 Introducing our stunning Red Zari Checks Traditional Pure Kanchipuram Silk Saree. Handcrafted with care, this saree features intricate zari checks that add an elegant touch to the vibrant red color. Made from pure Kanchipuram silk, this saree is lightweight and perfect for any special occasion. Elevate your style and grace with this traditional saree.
-----
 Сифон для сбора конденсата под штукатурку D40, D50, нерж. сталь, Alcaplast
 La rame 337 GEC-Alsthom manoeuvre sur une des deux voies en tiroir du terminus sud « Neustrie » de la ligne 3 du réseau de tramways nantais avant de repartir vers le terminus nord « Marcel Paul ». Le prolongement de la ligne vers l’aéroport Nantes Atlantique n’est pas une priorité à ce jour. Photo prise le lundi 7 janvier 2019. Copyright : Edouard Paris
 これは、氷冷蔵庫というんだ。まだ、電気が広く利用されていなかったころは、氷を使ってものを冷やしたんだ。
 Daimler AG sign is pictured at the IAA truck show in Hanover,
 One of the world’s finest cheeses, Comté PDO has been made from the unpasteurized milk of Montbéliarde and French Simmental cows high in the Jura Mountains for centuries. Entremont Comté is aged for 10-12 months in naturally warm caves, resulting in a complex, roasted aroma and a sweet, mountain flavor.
-----
*Problem requirements*. Scan the records for the word "from". Copy each line where it turns up.

*Task output*.
 Introducing our stunning Red Zari Checks Traditional Pure Kanchipuram Silk Saree. Handcrafted with care, this saree features intricate zari checks that add an elegant touch to the vibrant red color. Made from pure Kanchipuram silk, this saree is lightweight and perfect for any special occasion. Elevate your style and grace with this traditional saree.
 One of the world’s finest cheeses, Comté PDO has been made from the unpasteurized milk of Montbéliarde and French Simmental cows high in the Jura Mountains for centuries. Entremont Comté is aged for 10-12 months in naturally warm caves, resulting in a complex, roasted aroma and a sweet, mountain flavor.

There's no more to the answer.